## What to produce
In the entries that follow, repeat exactly the lines from the one that has "В Евпатории возле" through the one that has "- 다항식: 다항식의 연산, 나머지 정리와 인수분해", but omit pictures.

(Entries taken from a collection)
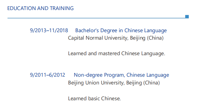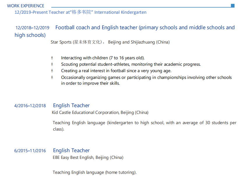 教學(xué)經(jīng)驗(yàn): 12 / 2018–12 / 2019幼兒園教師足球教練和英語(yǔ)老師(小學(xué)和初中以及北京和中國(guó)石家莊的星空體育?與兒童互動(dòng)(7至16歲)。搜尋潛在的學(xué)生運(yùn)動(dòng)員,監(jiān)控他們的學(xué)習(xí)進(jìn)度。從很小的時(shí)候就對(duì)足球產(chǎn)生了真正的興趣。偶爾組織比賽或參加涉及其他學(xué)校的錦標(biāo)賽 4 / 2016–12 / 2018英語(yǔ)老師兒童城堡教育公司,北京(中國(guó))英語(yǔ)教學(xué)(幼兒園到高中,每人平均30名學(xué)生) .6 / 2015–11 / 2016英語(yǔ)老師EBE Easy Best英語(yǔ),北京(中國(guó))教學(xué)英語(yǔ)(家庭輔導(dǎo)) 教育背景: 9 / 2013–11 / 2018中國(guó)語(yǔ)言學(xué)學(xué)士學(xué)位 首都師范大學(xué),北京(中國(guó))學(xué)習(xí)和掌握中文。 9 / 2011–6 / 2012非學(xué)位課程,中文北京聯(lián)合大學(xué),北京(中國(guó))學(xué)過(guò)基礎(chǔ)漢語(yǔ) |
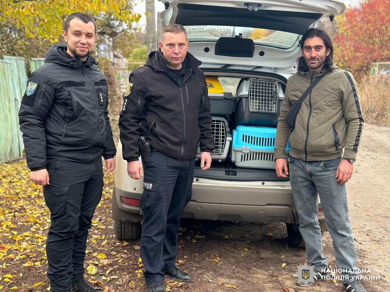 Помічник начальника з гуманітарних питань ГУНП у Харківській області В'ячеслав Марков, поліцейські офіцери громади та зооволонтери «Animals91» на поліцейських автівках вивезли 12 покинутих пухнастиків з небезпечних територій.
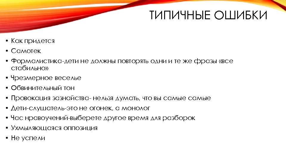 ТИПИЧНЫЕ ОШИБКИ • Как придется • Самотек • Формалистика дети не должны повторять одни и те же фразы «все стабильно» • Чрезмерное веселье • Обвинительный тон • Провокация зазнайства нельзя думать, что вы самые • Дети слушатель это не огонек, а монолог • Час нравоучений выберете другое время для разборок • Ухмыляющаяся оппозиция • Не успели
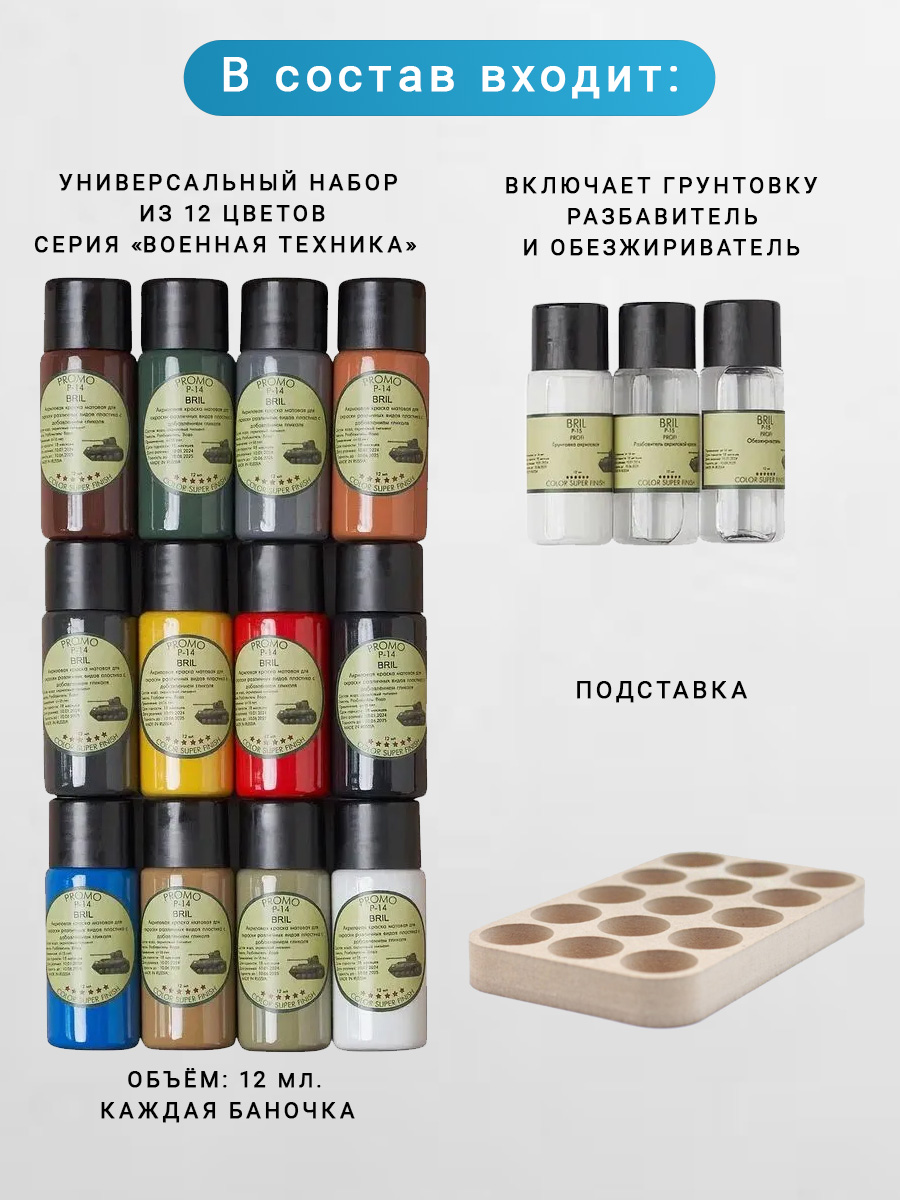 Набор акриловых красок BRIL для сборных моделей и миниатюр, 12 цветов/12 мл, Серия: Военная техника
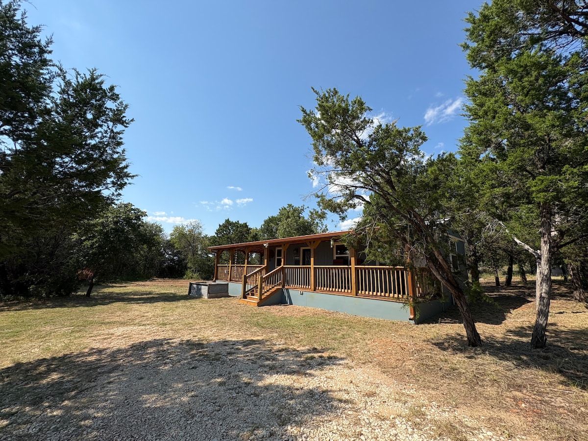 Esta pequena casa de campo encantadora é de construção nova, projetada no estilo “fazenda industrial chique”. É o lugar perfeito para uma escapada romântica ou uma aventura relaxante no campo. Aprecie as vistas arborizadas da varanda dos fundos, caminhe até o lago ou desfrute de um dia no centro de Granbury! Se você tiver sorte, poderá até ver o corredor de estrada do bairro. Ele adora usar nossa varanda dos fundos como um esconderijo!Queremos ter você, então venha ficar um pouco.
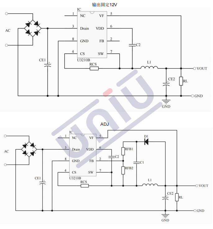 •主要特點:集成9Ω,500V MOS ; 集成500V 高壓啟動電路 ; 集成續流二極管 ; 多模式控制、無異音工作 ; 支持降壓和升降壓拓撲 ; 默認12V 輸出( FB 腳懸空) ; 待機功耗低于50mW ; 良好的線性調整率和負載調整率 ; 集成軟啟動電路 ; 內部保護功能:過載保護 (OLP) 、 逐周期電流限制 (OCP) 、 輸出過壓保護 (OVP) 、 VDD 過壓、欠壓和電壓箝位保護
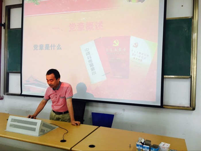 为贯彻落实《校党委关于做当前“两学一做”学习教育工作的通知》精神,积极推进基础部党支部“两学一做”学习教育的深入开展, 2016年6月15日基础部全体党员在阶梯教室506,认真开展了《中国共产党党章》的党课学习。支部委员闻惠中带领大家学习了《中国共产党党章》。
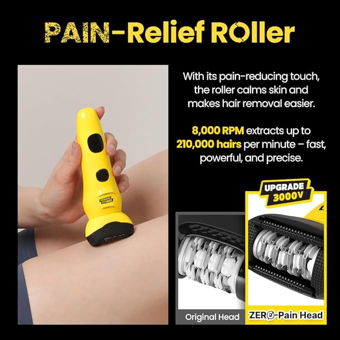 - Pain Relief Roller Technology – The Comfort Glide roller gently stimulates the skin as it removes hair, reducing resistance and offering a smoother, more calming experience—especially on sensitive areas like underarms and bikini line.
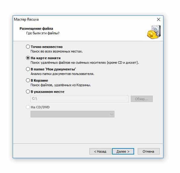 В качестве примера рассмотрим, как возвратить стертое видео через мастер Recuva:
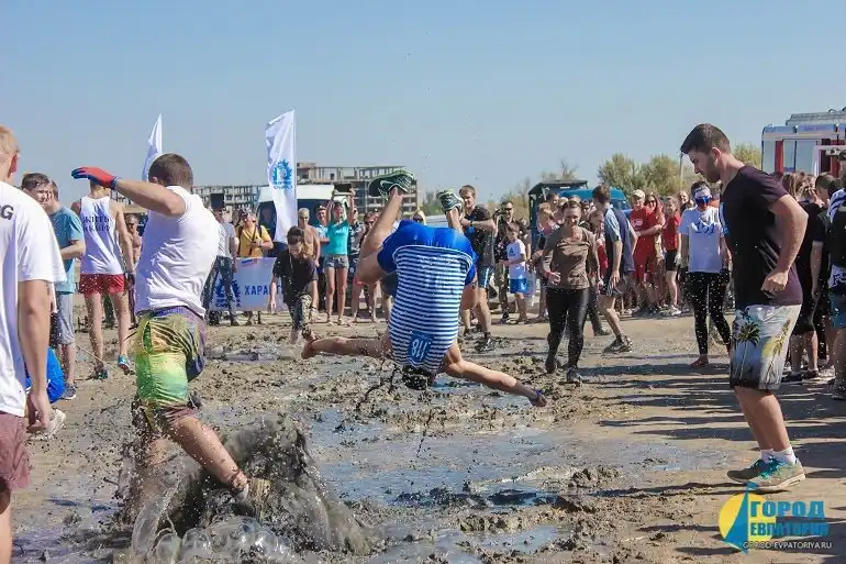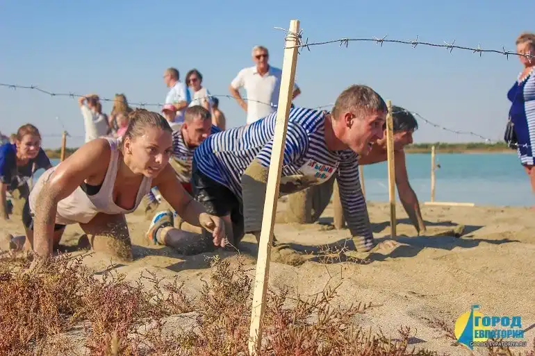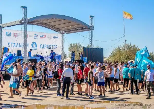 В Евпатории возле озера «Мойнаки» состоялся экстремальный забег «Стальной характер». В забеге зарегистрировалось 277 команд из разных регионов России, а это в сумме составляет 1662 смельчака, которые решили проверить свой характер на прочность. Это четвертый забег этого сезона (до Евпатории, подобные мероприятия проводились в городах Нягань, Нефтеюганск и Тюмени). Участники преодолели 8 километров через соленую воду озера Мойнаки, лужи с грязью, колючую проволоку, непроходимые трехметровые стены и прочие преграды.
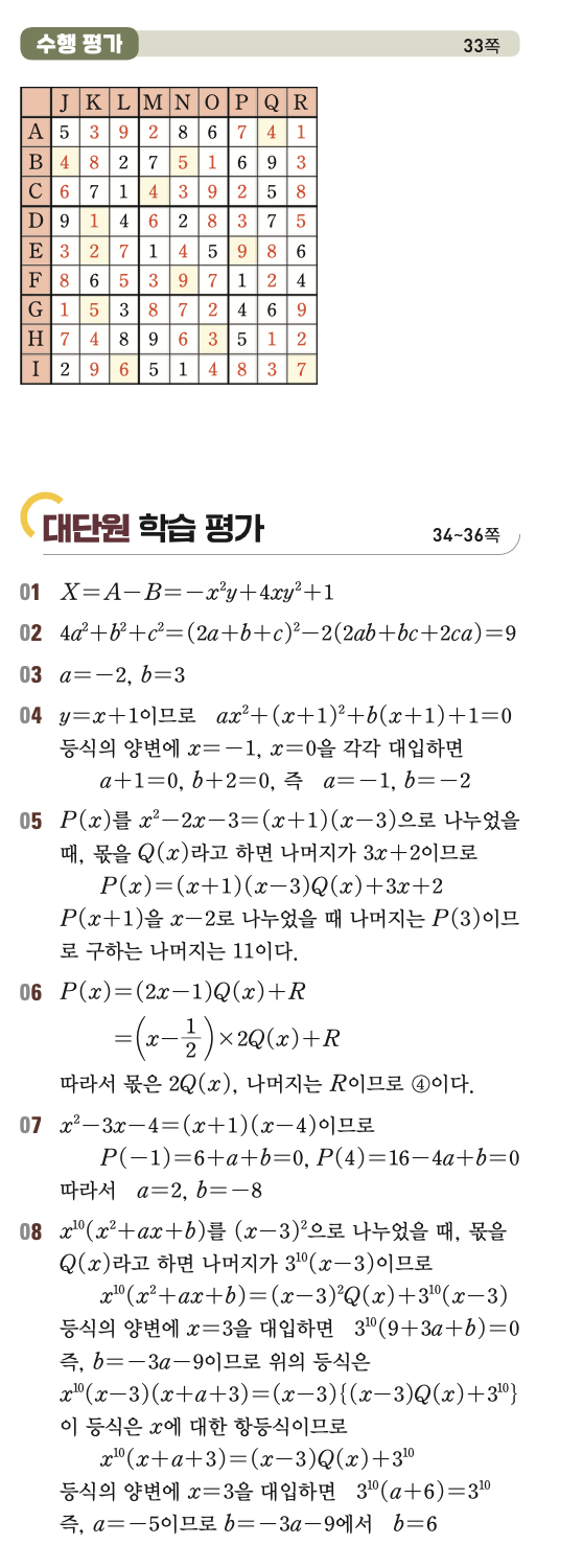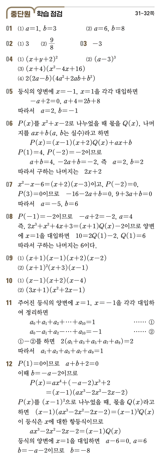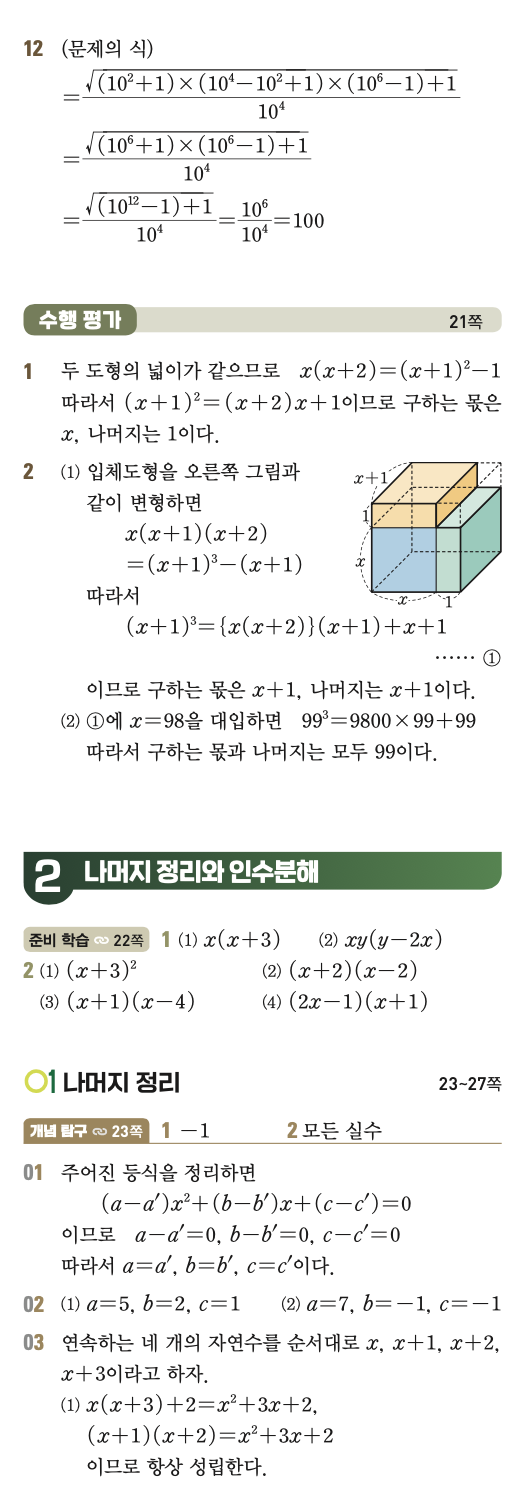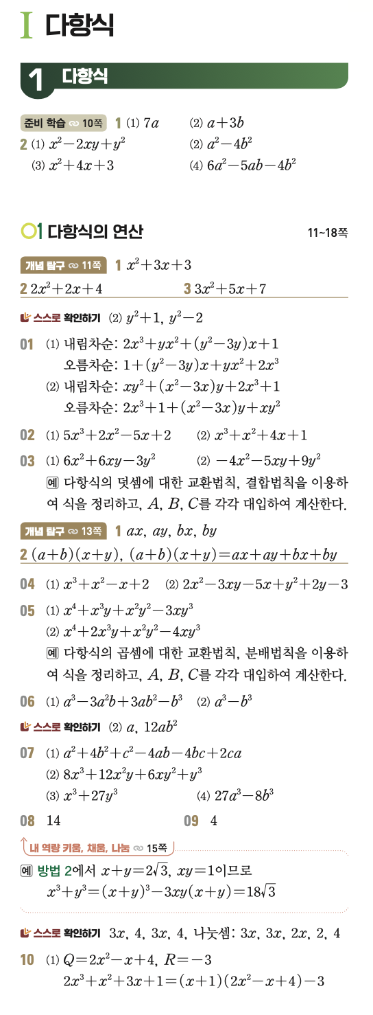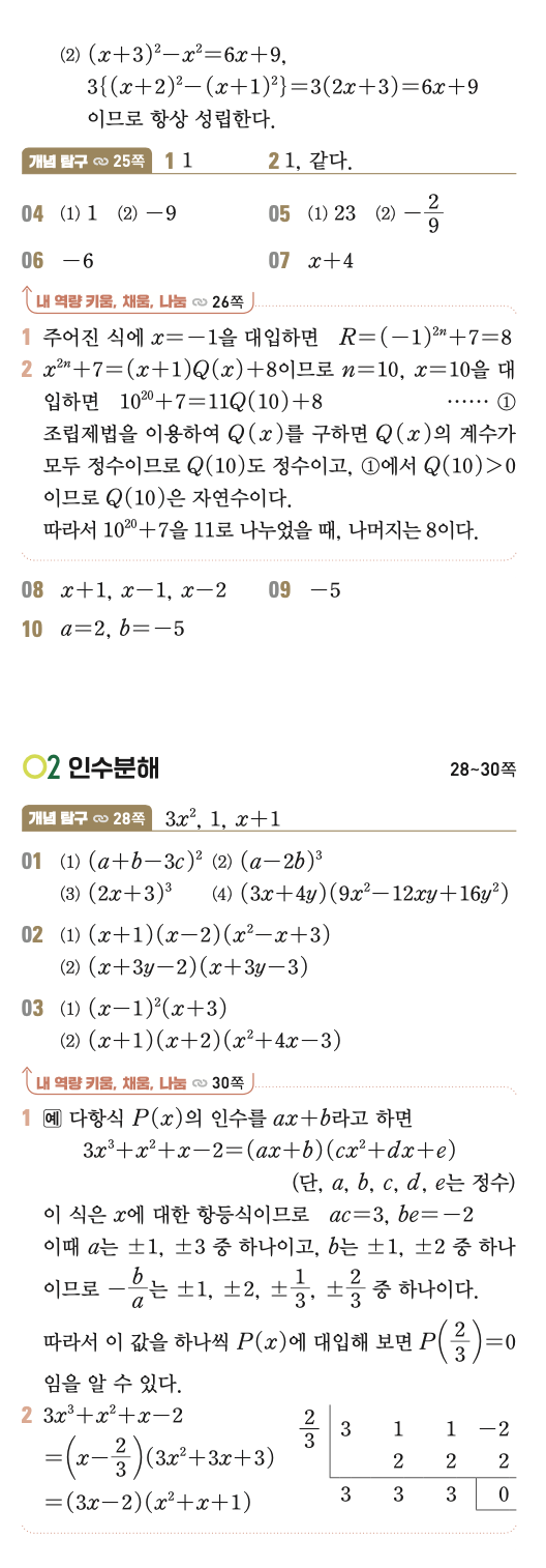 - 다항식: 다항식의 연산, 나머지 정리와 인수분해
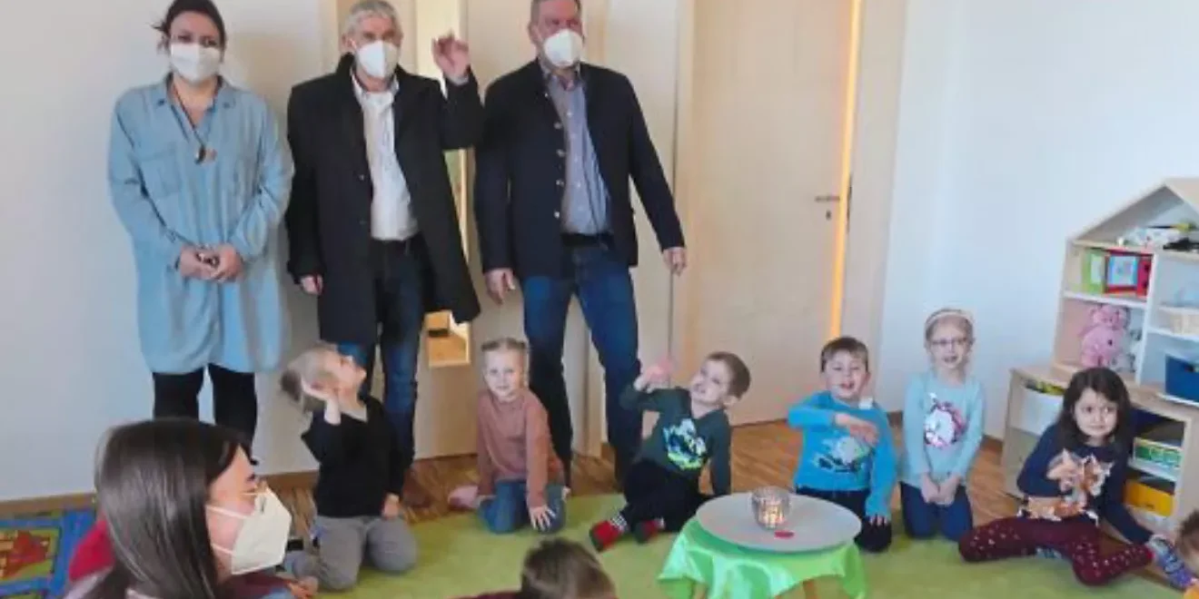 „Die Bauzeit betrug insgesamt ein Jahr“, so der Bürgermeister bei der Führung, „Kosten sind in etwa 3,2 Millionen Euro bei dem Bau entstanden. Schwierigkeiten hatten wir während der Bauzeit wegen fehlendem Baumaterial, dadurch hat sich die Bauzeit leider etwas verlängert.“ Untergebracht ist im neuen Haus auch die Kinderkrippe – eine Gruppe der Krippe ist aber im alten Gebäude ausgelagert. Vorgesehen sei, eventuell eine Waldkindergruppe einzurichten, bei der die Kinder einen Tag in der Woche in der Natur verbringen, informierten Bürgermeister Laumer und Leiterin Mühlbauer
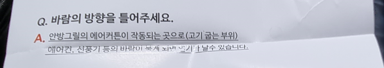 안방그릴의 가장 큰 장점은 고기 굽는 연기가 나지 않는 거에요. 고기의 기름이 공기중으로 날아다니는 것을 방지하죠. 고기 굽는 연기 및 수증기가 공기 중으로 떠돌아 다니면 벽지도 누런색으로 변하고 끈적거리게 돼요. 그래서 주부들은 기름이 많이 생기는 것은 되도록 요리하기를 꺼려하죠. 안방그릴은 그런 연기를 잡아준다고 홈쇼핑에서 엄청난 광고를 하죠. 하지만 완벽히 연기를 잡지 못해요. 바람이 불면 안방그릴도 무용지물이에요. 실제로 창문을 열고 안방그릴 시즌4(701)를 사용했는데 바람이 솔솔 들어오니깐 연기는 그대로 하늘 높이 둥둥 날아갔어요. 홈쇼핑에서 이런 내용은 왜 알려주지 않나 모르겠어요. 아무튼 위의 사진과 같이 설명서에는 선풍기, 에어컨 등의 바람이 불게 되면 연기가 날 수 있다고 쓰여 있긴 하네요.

## Written solution
 В Евпатории возле озера «Мойнаки» состоялся экстремальный забег «Стальной характер». В забеге зарегистрировалось 277 команд из разных регионов России, а это в сумме составляет 1662 смельчака, которые решили проверить свой характер на прочность. Это четвертый забег этого сезона (до Евпатории, подобные мероприятия проводились в городах Нягань, Нефтеюганск и Тюмени). Участники преодолели 8 километров через соленую воду озера Мойнаки, лужи с грязью, колючую проволоку, непроходимые трехметровые стены и прочие преграды.
 - 다항식: 다항식의 연산, 나머지 정리와 인수분해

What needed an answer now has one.